Formic acid, an important organic one-carbon source, is widely used in the industrial manufacturing of leather, pesticides, medicine and rubber. It is found in the secretions of ants and caterpillars in nature (Bennett et al. 1996; Xu et al. 2020). At present, methods for producing formic acid mainly include selective biomass oxidation (Wolfel et al. 2011; Albert et al. 2012, 2014), oxidation of methane and ethylene (Sorokin et al. 2010), hydration of carbon monoxide and carbonylation of methanol with carbon monoxide (Shukla et al. 2005). In addition, the greenhouse gas carbon dioxide which has a wide range of sources, can also be used for producing formic acid by electrochemical system (Agarwal et al. 2011; Kopljar et al. 2014; Wang et al. 2014; Lu et al. 2014; Pletcher 2015; Taheri and Berben 2016; Liu et al. 2018) and hydrogenation (Enthaler 2008; Wang et al. 2015). Therefore, using formic acid as a carbon source to produce protein has the potential to be a sustainable and environmentally friendly technology strategy.
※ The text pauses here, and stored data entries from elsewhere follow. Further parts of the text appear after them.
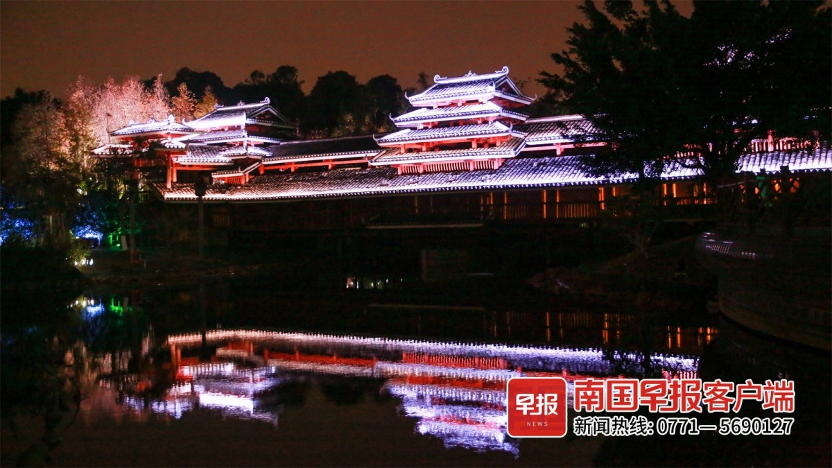晚间,园区则隆重推出“奇遇民族村 天天有惊喜”的首场夜游重头戏。记者在现场看到,夜游活动融合高科技、文化创意和民族元素于一体,致力于打造广西夜游典范。既有灯光秀,又有民族文艺演出。“桂花大道”“萤火森林”“光影稻田”等精心设置的景区引人注目,民族建筑与灯光交相辉映,美轮美奂。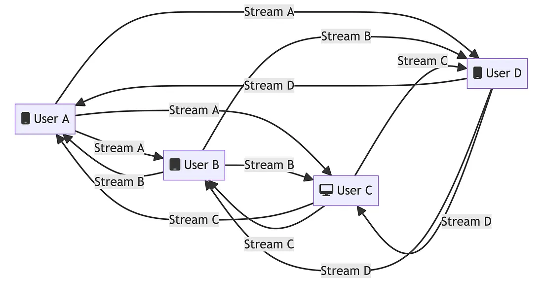 不过,我们必须明白,虽然 WebRTC 很容易设置,而且非常适合小规模通信使用(1-4 个参与者),但一旦规模扩大,它就会变得复杂。WebRTC 技术的设计目的是在没有中间服务器的情况下实现点对点连接,因此它本身无法处理大量受众。要在超过少数设备上扩展体验,它需要后台基础设施。有几种不同的方法可以实现 WebRTC 的可扩展后端。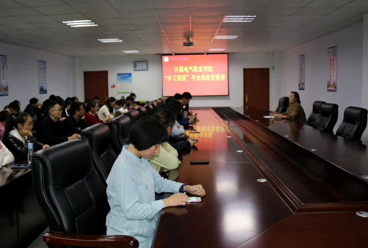 ????为深入贯彻落实习近平总书记关于加强学习、建设学习大国重要指示精神,建好、办好、用好“学习强国”学习平台,进一步提高广大党员学习积极性,10月11日下午,学院举行了“学习强国”平台挑战答题赛。院属26个单位选拔出政治素质过硬、理论素养好、学习积分高的50余名党员参加了挑战赛。比赛由组织宣传统战部副部长张丽主持。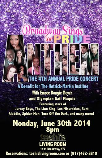 BROADWAY SINGS FOR PRIDE will celebrate NYC Gay Pride by holding with their fourth annual Gay Pride benefit concert with over 15 Broadway shows represented and countless artists! The special one-night benefit entitled “ANTHEM” will feature songs that embody gay perseverance marked by an array of musical performers from the world of Broadway, pop and beyond! Audiences will join the celebration by hearing some of their favorite New York performers take on pop hits, mashups, and Broadway classics. The charity event will be held at Toshi’s Living Room & Penthouse, the best live music bar NYC and best rooftop bar NYC, at West 26th Street, between Broadway & 6th Ave on Monday, June 30, 2014 at 8pm.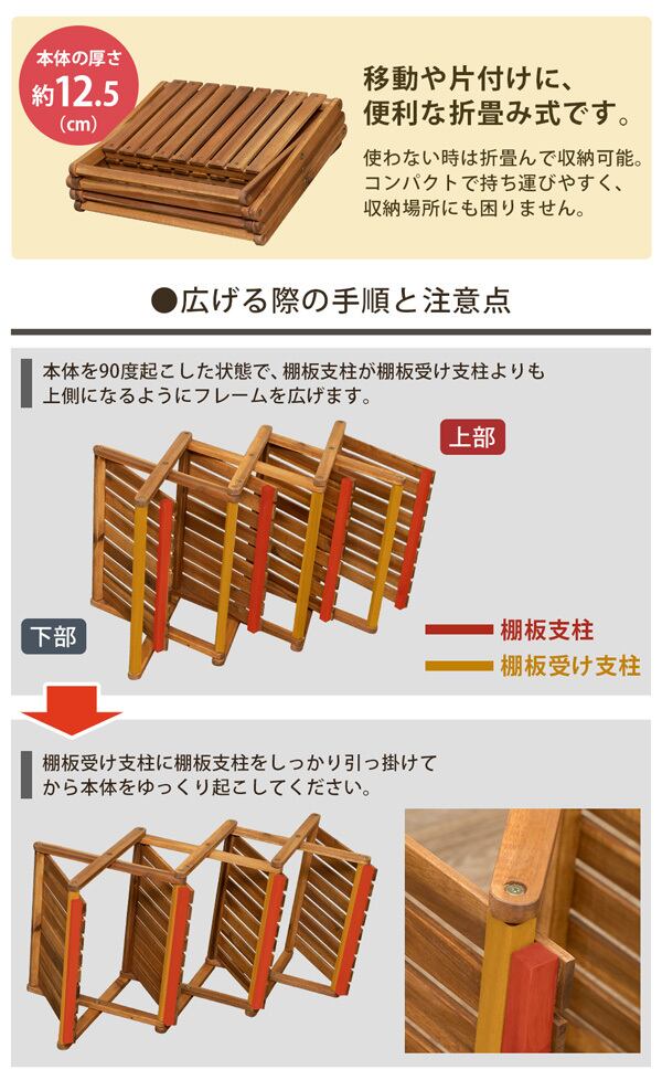 アカシア 折り畳みラック 4段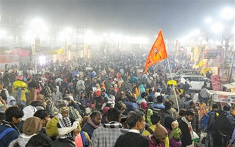 यह भी बार-बार माइक से अनाउंस किया जा रहा है कि श्रद्धालु अपने बच्चों को कंधे पर बैठा कर चलें, किसी को धक्का न मारें। धीरे-धीरे बढ़ें।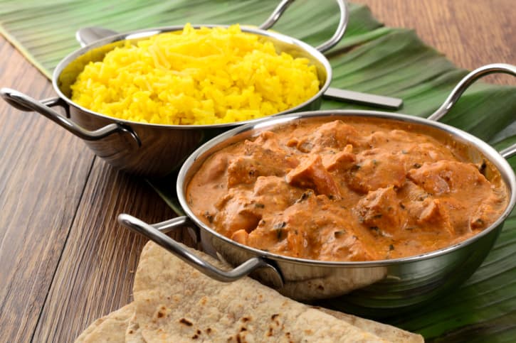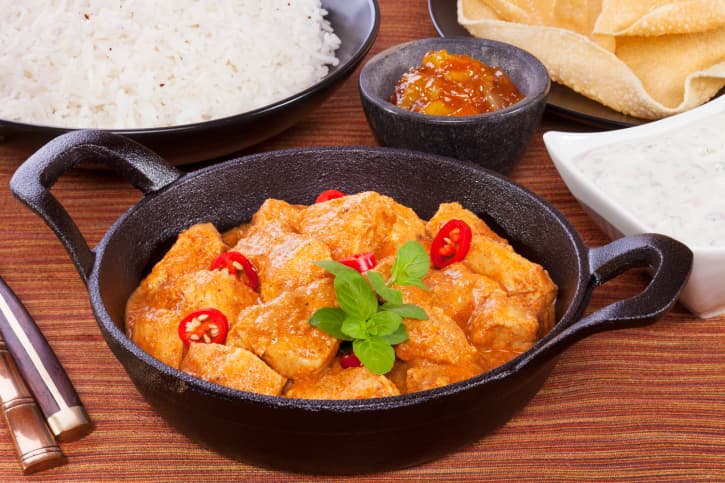 Este plato se sirve normalmante con Naan, pan chato de la India, o con arroz blanco.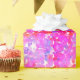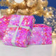 Papier d'emballage à points roses et violets pour cadeaux de fête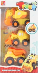 V balení nájdete tri obľúbené stroje – bager, nakladač a sklápač. Každé vozidlo má hladké tvary vhodné pre malé deti a je prispôsobené bezpečnému hraniu od 12 mesiacov.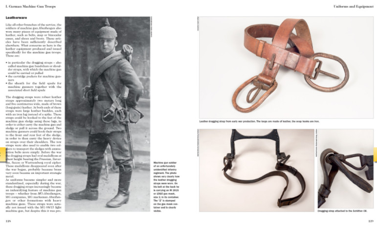 Deux chapitre sont consacrés aux uniformes, insignes et équipements des mitrailleurs ainsi que les accessoires des MG : supports, caisses à munitions, optiques, accessoires d'entretien et pièces de rechange.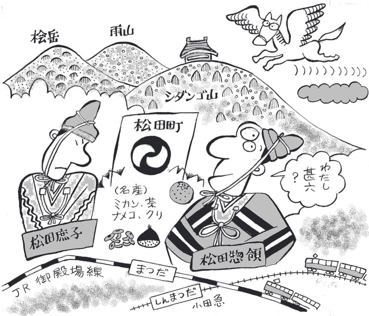| ■(4)雨山峠登山口 丹沢南部と西丹沢への登山者が電車を降りる小田急新松田駅とJ R御殿場線松田駅。箱根の明神ヶ岳、、明星ヶ岳へ登る人たちも合 わさり、にぎわいます。 松田郷の名も古く、最初の記録はあの「吾妻鏡」治承四年(11 80)、源頼朝の挙兵に応じなかった波多野義経は、頼朝が自分に 追手を向けたのを知り、「松田郷」で自殺したというものです。 その長子有経は、一時、頼朝から松田郷を与えられた大庭景義に 預けられましたが、のちに松田氏を名乗り、鎌倉御家人の列に加え られるのだそうです。 駅前の松田惣領の地名は、この一族の惣領(跡取り)が管理した 所で、隣の松田庶子は、その庶子の所有した地なのだそうです。終 点寄は「やどろぎ」と読むのだそうです。 明治八年(1875)、近くの菅沼、弥勒寺、中山、土佐原、宇 津茂、大寺、出沢の七ヵ村が合併してできた村です。 この七ヵ村は、雨山から秦野峠、高松山へ続く山稜の東側にある というので、昔は東山家入七ヵ村と呼んでいました。 その中の弥勒寺地区に伝わるおはなしです。昔々、村の上空を白 馬がゆっくり飛んでいきます。驚いた村人が大勢であとをつけてい くと、白馬は村の北西にあるシダンゴ山にフワリと降り立ちました。 村人たちが息を切らせながら登ってみると、なんと白馬には後光 をさした弥勒菩薩(みろくぼさつ)が乗っているではありませんか。 村人は伏し拝み、、弥勒堂を建てて鎮守とし、名前も弥勒寺村にし たということです。 そんなはなしを聞いて、、ある秋、シダンゴ山に寄ってみました。 なだらかな山頂はカヤが茂り、手入れした中央広場に石の小祠がポ ツン。もしかして弥勒さまをまつってあるのかも。 なお、宇津茂の北側にある稲郷は、かつては弥勒寺村んの飛び地 だったそうです。このあたりの道路わきにあるアジサイは、色変わ りのめずらしい花。茎先を失敬し、大事に庭にさしてみましたが、 とうとうつきませんでした。 |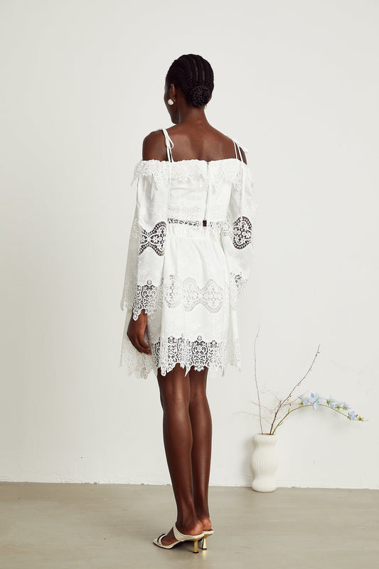 Ursule Beyaz Dantel Panelli Üst Ve Etek Uyumlu Takım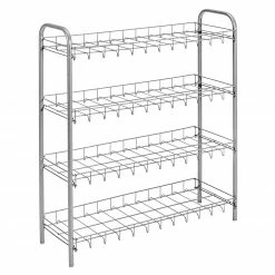 Leichtes Schuhregal aus Metall mit 4 Etagen, bietet Platz für ca. 12 Paar Schuhe.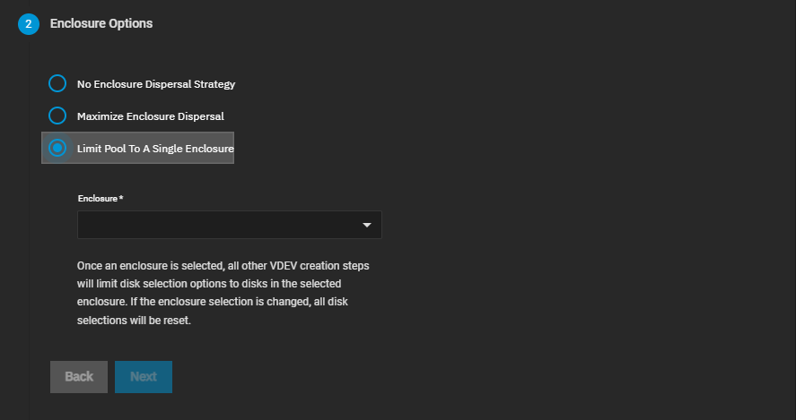 Limit Pool To A Single Enclosure applies a minimum dispersal strategy. Select the expansion shelf option on the Enclosure dropdown. Disks added to the pool VDEVs are spread across the enclosure disks that align with the selection in Enclosure.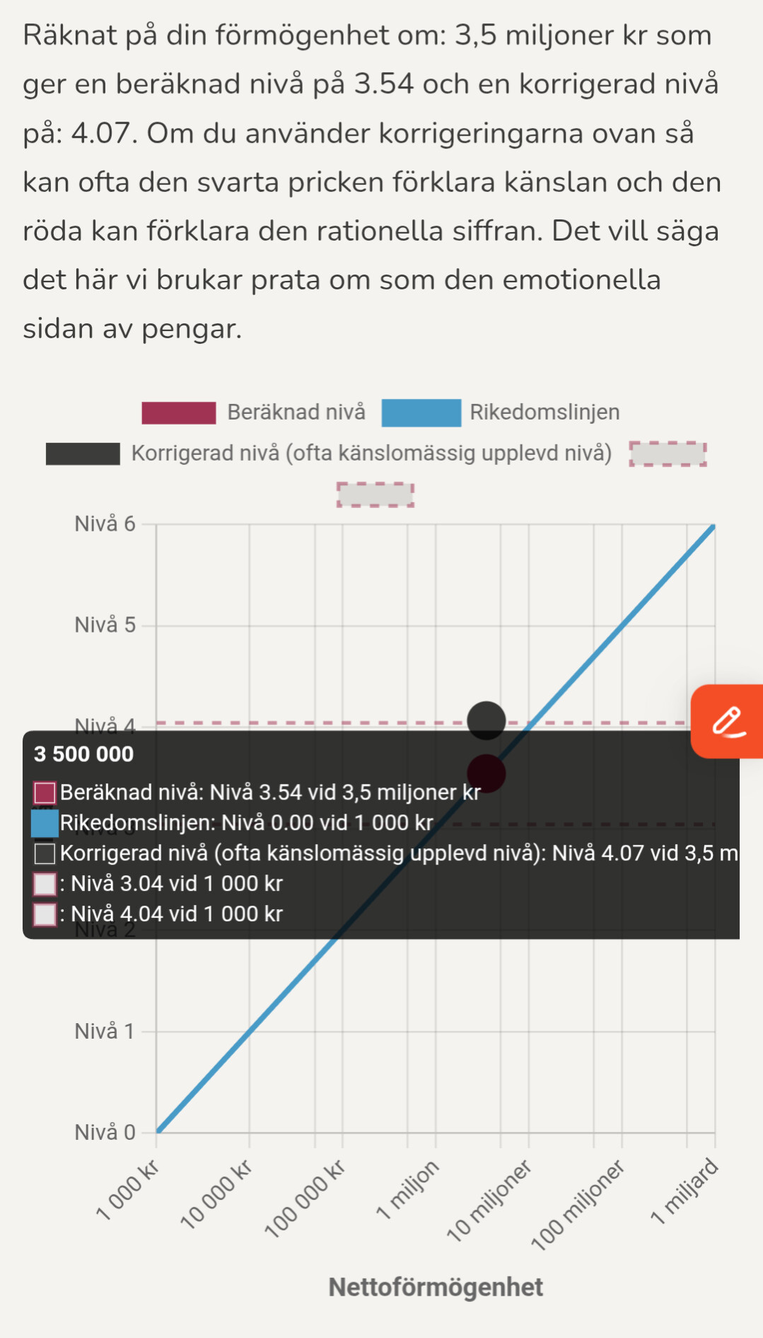 Tycker också som @TroubleOnNeptune nämnde att korrigeringen för åldern är lite klurig. Jag som relativt ung (33) känner mig rik för att jag “redan” har relativt stor nettoförmögenhet (nivå 3) medan korrigeringen är negativ. Personligen tänker att jag skulle känna mig mindre rik om det hade tagit mig 10 år till att komma upp till samma summa? Förstår dock såklart resonemanget att det inte blir så mycket att leva på per månad om det skulle räcka resten av livet och förmögenheten inte fortsatta öka.

To date, some microorganisms that can utilize formic acid naturally have been reported (Lidstrom 2006; Chistoserdova et al. 2009; Schrader et al. 2009; Bar-Even et al. 2013), and among them, two main metabolic strategies have been found (Bar-Even et al. 2013; Yishai et al. 2017). In the first strategy, formic acid is oxidized to carbon dioxide, and the electrons derived from the oxidation reaction are used to support autotrophic growth through CO2 fixation and ATP supply (Bar-Even et al. 2012). In the other strategy, formic acid is assimilated into central carbon metabolism through the tetrahydrofolate cycle and participates in biomass synthesis via assimilation pathways such as the Calvin cycle, the RuBisCo pathway and the serine cycle (Goldberg et al. 1976; Attwood and Harder 1978; Jansen et al. 1984; Vuilleumier et al. 2009). However, these natural formate-utilizing microorganisms generally grow slowly and metabolize formic acid inefficiently (Xu et al. 2020). Therefore, a detailed and comprehensive regulatory network of formic acid metabolism urgently needs to be explored to provide guidance for the optimization and modification of formic acid metabolism. In recent years, formic acid has been biologically utilized to produce organic compounds such as ethanol and acetic acid (Kim et al. 2019; Xu et al. 2020); however, single-cell protein synthesis from formic acid has yet to be reported. The strain showing high homology with P. communis G9-1 was isolated from soil and named P. communis MA5 (Zhao et al. 2021). Previous studies have shown that strain MA5 could produce SCP directly from sodium formate. When cultured with different nitrogen sources or sodium formate concentrations, the growth rate and protein content were significantly changed. To achieve efficient utilization of formic acid and high production of SCP, comprehensive metabolic pattern analyses of strain MA5 were carried out at the genomic and transcriptomic levels.

Materials and methods

Strain and culture conditions

P. communis strain MA5 was isolated by our group and deposited at the CGMCC with accession number CGMCC No.21106. Strain MA5 was routinely grown in LB broth (10 g/L tryptone, 5 g/L yeast extract and 10 g/L NaCl) overnight at 37 ℃ and then spread onto a screening plate containing sodium formate (8 g/L HCOONa, 0.5 g/L NaCl, 0.5 g/L MgCl2.6H2O, 0.1 g/L CaCl2.2H2O, 0.5 g/L KCl, 0.2 g/L KH2PO4, 1 g/L yeast powder and 15 g/L agar) at 37 ℃ to maintain bacterial activity. For transcriptome sequencing, bacteria were washed from LB plates with sterile saline solution and inoculated at 1% (v/v) into three different fermentation media at 37 ℃ for 48 h. These treatments were named Group A (8 g/L HCOONa, 1 g/L yeast powder), Group B (20 g/L HCOONa, 1 g/L yeast powder) and Group C (8 g/L HCOONa, 2 g/L (NH4)2SO4), and the other components were consistent with the screening medium above. Each group was analyzed in three independent biological samples. The bacteria grown in Group A were also selected for genome sequencing.

Analysis of cell growth

Cell growth was indirectly observed by measuring the OD600. After centrifugation at 10,000 g for 10 min, the cells cultured at 37 ℃ for 48 h in fermentation media were washed in sterile water twice and diluted to a suitable concentration. Then, 200 μL of cell suspensions were added to a 96-well plate, and the OD600 values were measured by a microplate reader (BioTek, Neo2). The experiments were performed in triplicate on three biological replicates, and error bars ( ±) represent the standard deviation of three replicates.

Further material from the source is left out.